Arab investors are increasingly active as well: the UAE, Saudi Arabia, and Qatar finance energy infrastructure in East Africa, combining their capital with European technologies. This forms a new triangle of cooperation — “EU–Middle East–Africa” — with the potential to shape the world’s energy map for decades.

The problem is that behind these major projects, Africa still lacks its own decisive voice. Without mechanisms of control, its energy future may become not a story of development but a repetition of the past — where resources serve external interests.

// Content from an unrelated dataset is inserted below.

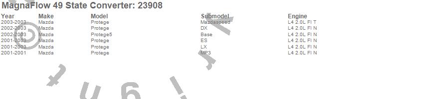 Below is an abreviated list of applications for the Direct Fit Catalytic Converter.
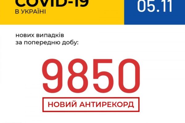 За минулу добу в Україні зафіксовано 9850 нових випадків коронавірусної хвороби COVID-19 (з них дітей – 369, медпрацівників – 514).

Yet Africa has a chance not to be a supplier of raw materials but a center of a new energy system. Its natural potential — sun, wind, hydropower, biomass — makes the continent one of the most promising platforms for transitioning from exporting resources to exporting energy. Here it will be determined whether the 21st century becomes the century of true “green equality” or yet another era of redistributed influence.


Conclusion

The global energy sector in 2025 is a complex system of new connections and old contradictions. Moving away from fossil fuels has not made states independent — it has merely changed the nature of their interdependencies.

Europe is learning to live without Russian gas but now depends on LNG, critical minerals, and technologies. The U.S. uses its resources and “green” subsidies to maintain industrial advantage and influence allies. China, meanwhile, builds networks of economic and technological ties through investments across Asia, Africa, and Latin America.

Against this backdrop, the UAE exemplify how a country can transform oil capital into a development tool. Their experience shows that modernization is possible without destroying traditional energy — if investments in technology and education are made at the right time.

Africa, for its part, is becoming the main testing ground for the future. Here the world will decide whether it can shift to “green” energy without repeating colonial patterns of uneven resource distribution.

In the new geopolitical reality, it matters less who owns the resources and more who knows how to manage them — rationally, strategically, and with a long-term vision.